_SUPPLIED MATERIAL_
'''

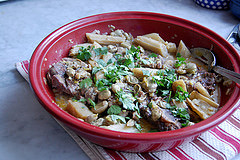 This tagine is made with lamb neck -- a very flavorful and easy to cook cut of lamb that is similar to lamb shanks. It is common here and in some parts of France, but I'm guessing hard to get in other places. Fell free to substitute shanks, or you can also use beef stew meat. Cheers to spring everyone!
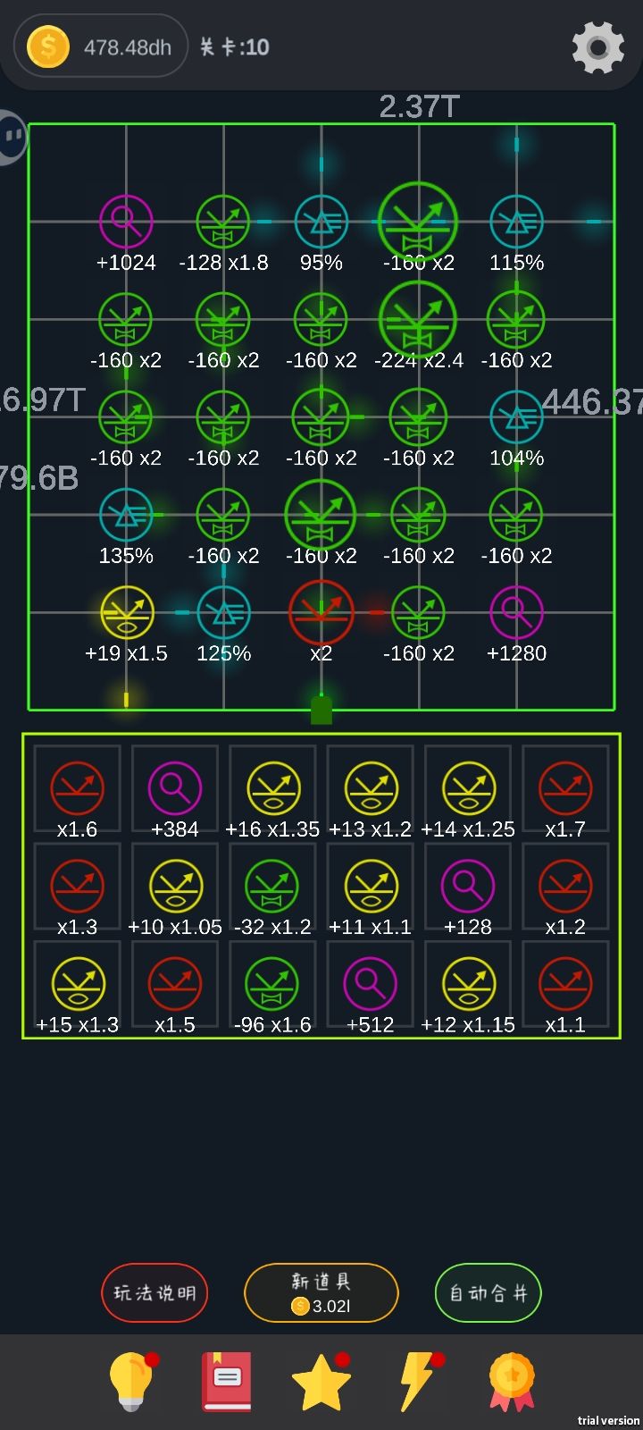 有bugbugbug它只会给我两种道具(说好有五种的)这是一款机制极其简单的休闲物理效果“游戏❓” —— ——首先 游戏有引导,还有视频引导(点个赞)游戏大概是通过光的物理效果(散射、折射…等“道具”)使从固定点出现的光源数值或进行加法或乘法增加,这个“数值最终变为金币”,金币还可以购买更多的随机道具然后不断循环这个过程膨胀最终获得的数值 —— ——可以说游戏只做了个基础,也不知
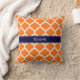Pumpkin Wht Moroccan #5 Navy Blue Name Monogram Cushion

'''

Print the material in full and exactly, minus the pictures.

 This tagine is made with lamb neck -- a very flavorful and easy to cook cut of lamb that is similar to lamb shanks. It is common here and in some parts of France, but I'm guessing hard to get in other places. Fell free to substitute shanks, or you can also use beef stew meat. Cheers to spring everyone!
 有bugbugbug它只会给我两种道具(说好有五种的)这是一款机制极其简单的休闲物理效果“游戏❓” —— ——首先 游戏有引导,还有视频引导(点个赞)游戏大概是通过光的物理效果(散射、折射…等“道具”)使从固定点出现的光源数值或进行加法或乘法增加,这个“数值最终变为金币”,金币还可以购买更多的随机道具然后不断循环这个过程膨胀最终获得的数值 —— ——可以说游戏只做了个基础,也不知
Pumpkin Wht Moroccan #5 Navy Blue Name Monogram Cushion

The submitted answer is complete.